I don't know if it's morally right to say that I loved this but I said it anyway. It's not something that I normally read and recommend openly and I still won't unless you tell me you want to be surprised or you want to try something new.
So if you're looking for a book that's out of your normal genre and you're not squeamish and scared so easily?
This one's for you.

Motherthing is creepy, weird and horrific. Dark humor at its best but the novel does carry a strong psychological undertone that managed to send more than a few shivers down my spine.
The writing is crisp and the narrative flow unrelenting.
It will definitely always come to my mind when discussing mother in law/daughter in law relationships in the future...
A delightful fictional weirdness that deserves to be enjoyed without any moderation whatsoever...
Many thanks to Vintage and Netgalley for this terrific ARC

A very original concept. Definitely have to get the print for my shelf. The tension was terrific. I finished the book in one sitting. Couldn‘t put it down.

This was not what I was expecting, and it honestly exceeded expectation! It was creepy, it was disturbing, it was heart-wrenching. *chef's kiss!*

Abby loves her husband Ralph and Ralph loves Abby but he’s also a mama‘s boy and when she dies and Abby take something that belongs to her Irene will not let her forget it. If Abby thought her mother-in-law was a problem when she was alive, she hasn’t seen anything yet! This was a really good book I thought the story went along quickly and although it can be pretty funny it’s definitely a horror story. I also thought Abby and Ralph had a really good relationship I just like this book all the way around. I thoroughly enjoyed it and highly recommend it.

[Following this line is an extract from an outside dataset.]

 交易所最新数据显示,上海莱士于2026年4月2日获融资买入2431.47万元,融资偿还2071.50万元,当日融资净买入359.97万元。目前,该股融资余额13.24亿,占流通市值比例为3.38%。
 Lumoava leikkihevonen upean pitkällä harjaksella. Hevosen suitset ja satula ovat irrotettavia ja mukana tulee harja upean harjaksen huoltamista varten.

I received this book from NetGalley and the publisher but I am leaving this review voluntarily please forgive any mistakes as I am blind and dictate my review.

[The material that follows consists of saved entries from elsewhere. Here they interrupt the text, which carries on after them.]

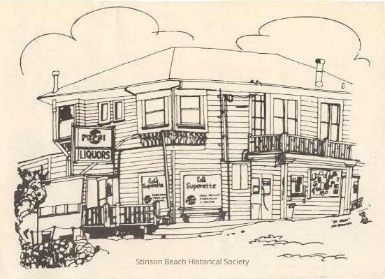 This is a pen and ink sketch of the Stinson Beach Market when it was Ed's Superette. The windows, the balcony, the railings, the payphone, bulletin board and signs are all rendered in detail. It was done by Ken Shockey, local artist, for one of the store calendars (year unknown).Collection
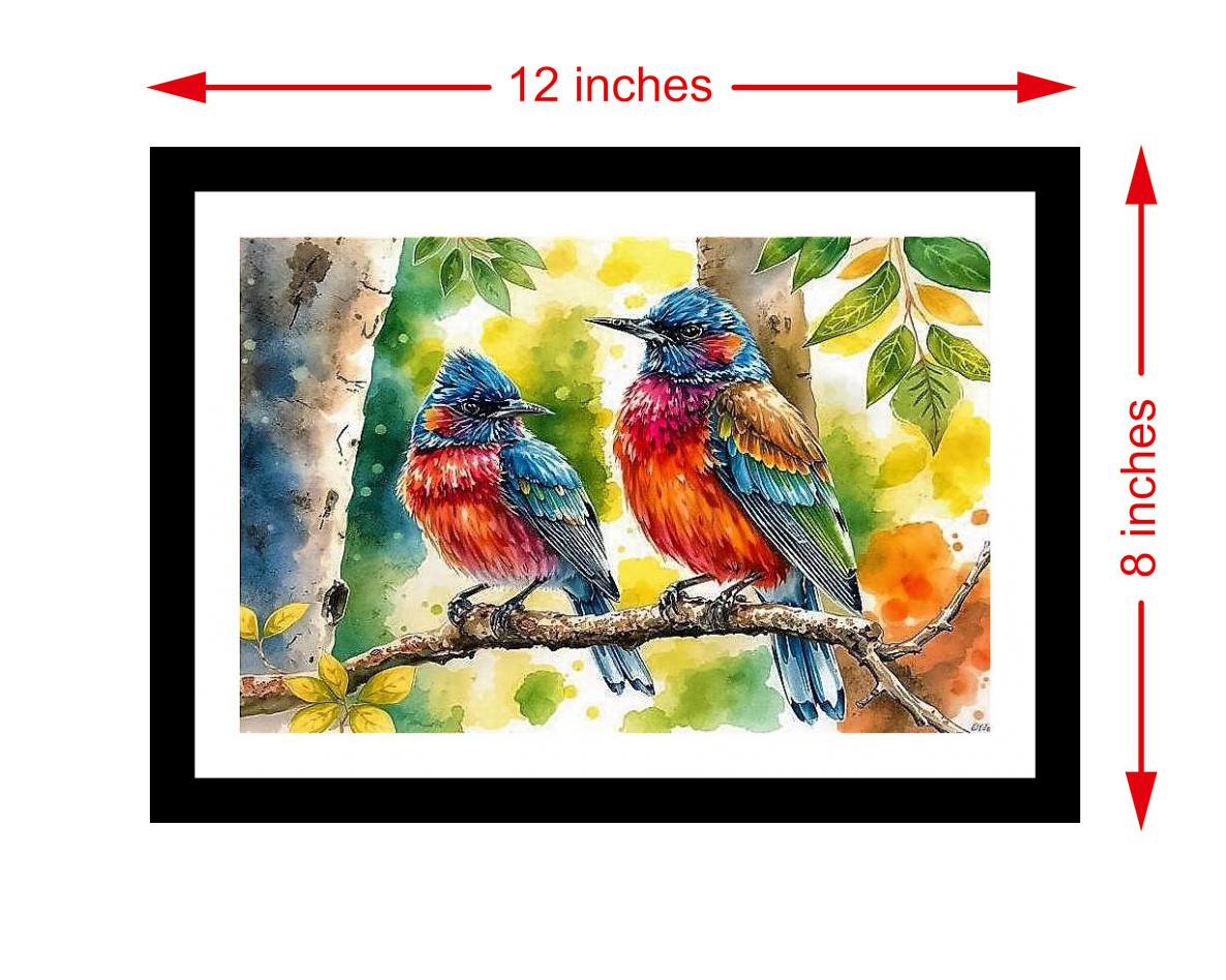Vibrant birds grace a tranquil jungle branch, a stunning display of color and serenity. The colors pop, and the print captures every delicate detail of the original portrait. The digital reprint boasts a striking composition, beautifully preserving the portrait's original artistry. Versatile Decor: Ideal for enhancing the aesthetic appeal of living rooms and bedrooms Enhanced Durability: Weather-shield laminated digital print for lasting vibrancy and protection Premium Framing: Constructed with a high-quality, durable fiber frame for long-term stability Precise Dimensions: 30 cm x 20 cm x 1 cm
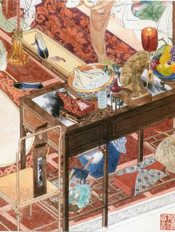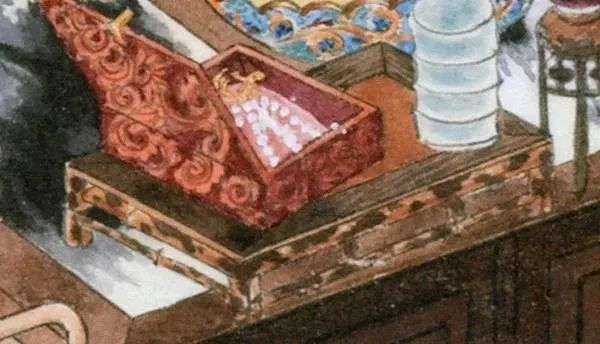 最细腻的描述还有在梳妆台下面放着一个用团锦包裹的礼品盒,疑似西门庆拿来的见面礼。

I LOVED this book. It’s so uniquely well written. I went all in during a long layover and couldn’t put it down. It made me chuckle a good few times, and also make horrified faces.

This is soaked in dark humor and trauma. I’m not sure I would have marketed this so heavy on the humor part but I so appreciate the humor and writing style of this book. I can’t quite explain what I read, part ghost story, part trauma filled nightmare, and really I just wanted to hug Abby and never eat her food.

Awful mother-in-law stories always have a weird draw for me and Motherthing did not disappoint.
Have you ever had that guest that is downright horrible but just won't leave? You're forced to put up with them for what feels like forever, as if you might have died and this is now your own personal hell? To listen to this person nag and berate and belittle you for all of eternity?
Abby finds herself in the position of many wives' worst fears: her awful mother-in-law might be gone, but her ghost still is lingering and tormenting them. Abby is hilarious. She's witty and smart and snarky and her commentary had me burning through this book in hours. I have been there before with the significant other with the mother I couldn't help but loathe for her treatment of myself vs her son and her attachment issues.
Even with Abby's snark, the overall mood turns dark and dreadful as Ralph's depression over his mother's passing grows. The psychological horror aspect ramps up quickly and the sad undertone pulled at my heart for Abby. It is hard to not feel for her as the story progresses.
I loved this and will recommend it to anyone looking for a suspenseful, psychological thriller. Especially anyone that has had to deal with the monster-in-law or even giving their everything but their love never returned in the amount it is given.
Thank you to the author and publisher for a copy in exchange for an honest review.

Thank you to NetGalley for an ARC of Motherthing.
This was not for me. I couldn't do the writing style. It felt all over the place and took away from the point of the story. Just no.